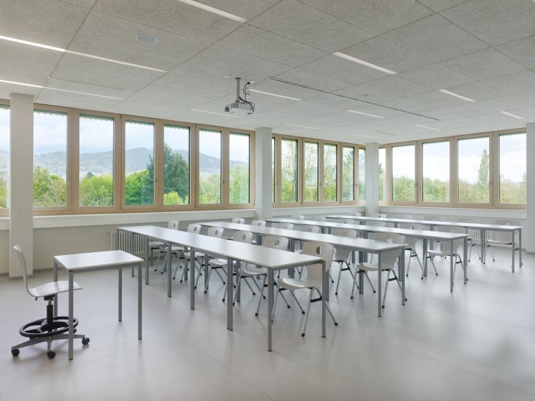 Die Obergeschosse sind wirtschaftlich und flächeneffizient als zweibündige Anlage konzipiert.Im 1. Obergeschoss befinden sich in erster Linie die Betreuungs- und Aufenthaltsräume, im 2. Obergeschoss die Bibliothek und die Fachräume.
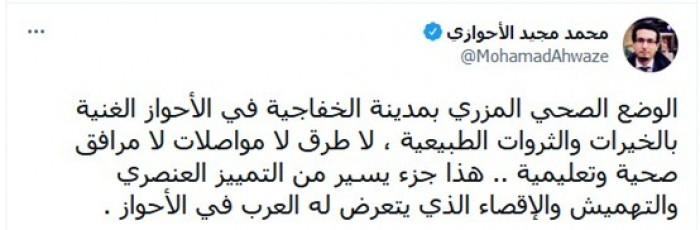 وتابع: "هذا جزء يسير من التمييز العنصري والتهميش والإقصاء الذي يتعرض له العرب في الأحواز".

★ ★ ★ ★ ★

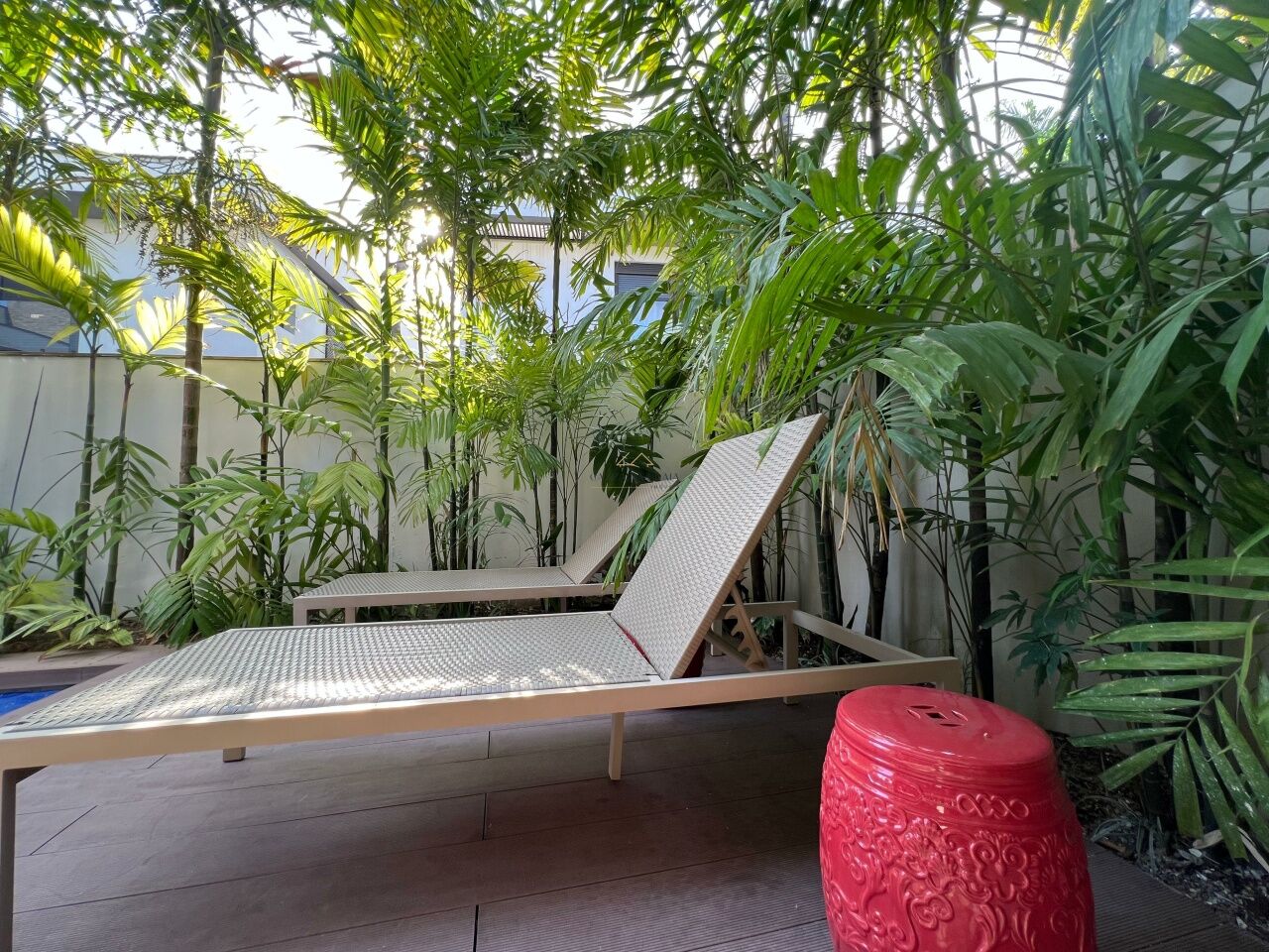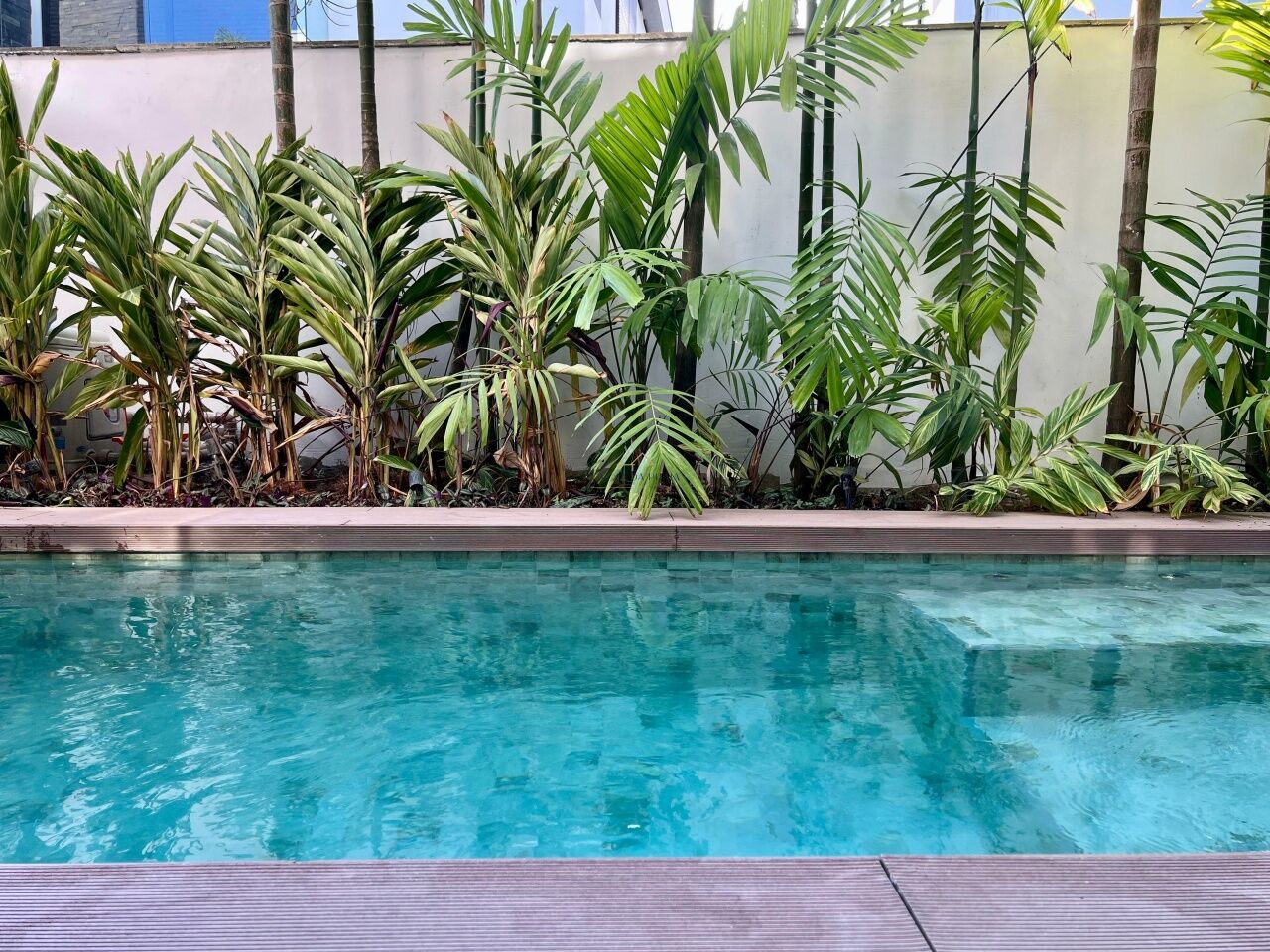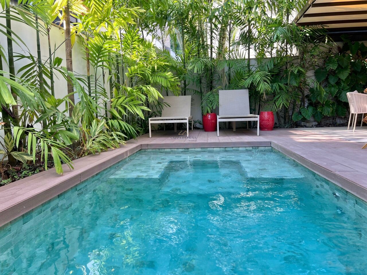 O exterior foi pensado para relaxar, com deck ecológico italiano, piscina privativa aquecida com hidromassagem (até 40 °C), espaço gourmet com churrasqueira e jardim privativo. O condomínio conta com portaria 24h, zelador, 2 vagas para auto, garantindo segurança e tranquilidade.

★ ★ ★ ★ ★

What's needed is an exact copy of the lines above from the one with "Die Obergeschosse sind" through the one with "جزء يسير من", both included; the pictures stay out.

▶ _Result of this task_:
 Die Obergeschosse sind wirtschaftlich und flächeneffizient als zweibündige Anlage konzipiert.Im 1. Obergeschoss befinden sich in erster Linie die Betreuungs- und Aufenthaltsräume, im 2. Obergeschoss die Bibliothek und die Fachräume.
 وتابع: "هذا جزء يسير من التمييز العنصري والتهميش والإقصاء الذي يتعرض له العرب في الأحواز".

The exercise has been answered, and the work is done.